DEanalysis {bulkAnalyseR} | R Documentation |
Perform differential expression (DE) analysis on an expression matrix
Description
This function performs DE analysis on an expression using edgeR or DESeq2, given a vector of sample conditions.
Usage
DEanalysis_edger(expression.matrix, condition, var1, var2, anno)
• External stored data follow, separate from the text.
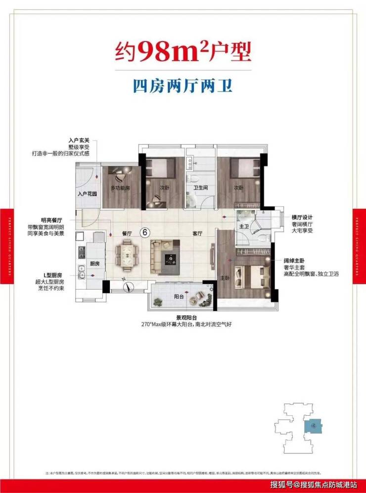【在售户型】珠江·花屿花城全系带主套4房,同等面积每户多一房一卫。采用N+1花城系产品打造理念,匠造79-98㎡区域内唯一的户户带主套四房产品,接近9成的超高实用率。
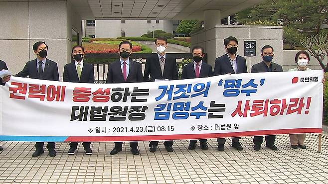 국민의힘 의원들이 오늘(23일) 아침 대법원청사 정문 입구에 모여들었습니다.
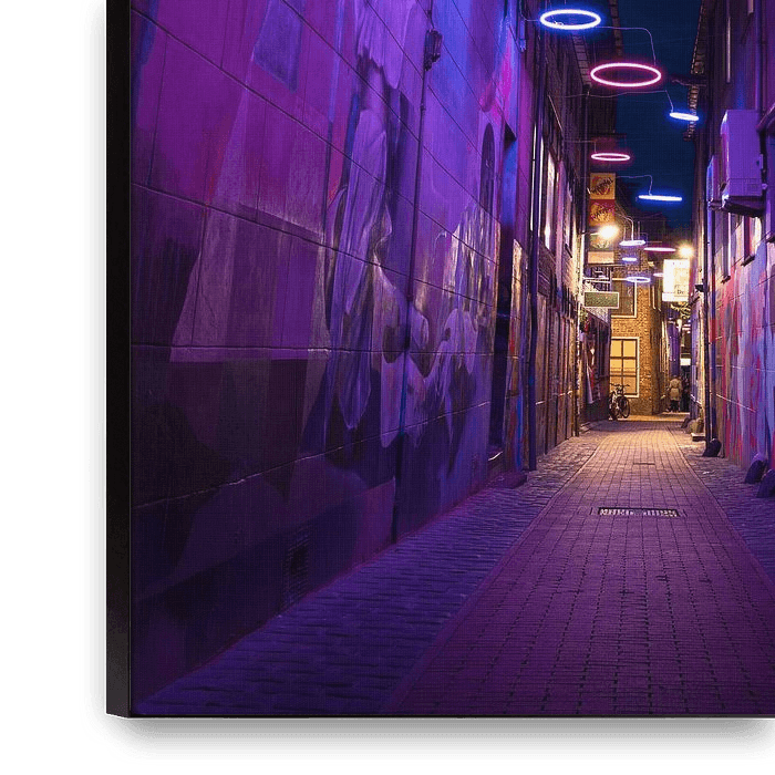The colourfully lit Papengang, with many murals and lights that constantly change colour, this alley in the entertainment district of student city Groningen has been transformed from an unsavoury passageway into an artistic highlight of the city.

DEanalysis_deseq2(expression.matrix, condition, var1, var2, anno)
Arguments
expression.matrix |
the expression matrix; rows correspond to genes and
columns correspond to samples; usually preprocessed by
|
condition |
a vector of the same length as the number of columns of expression.matrix, containing the sample conditions; this is usually the last column of the metadata |
var1 , var2 |
conditions (contained in condition) to perform DE between; note that DESeq2 requires at least two replicates per condition |
anno |
annotation data frame containing a match between the row names
of the expression.matrix (usually ENSEMBL IDs) and the gene names that
should be rendered within the app and in output files; this object is
created by |
Value
A tibble with the differential expression results for all genes. Columns are
gene_id (usually ENSEMBL ID matching one of the rows of the expression matrix)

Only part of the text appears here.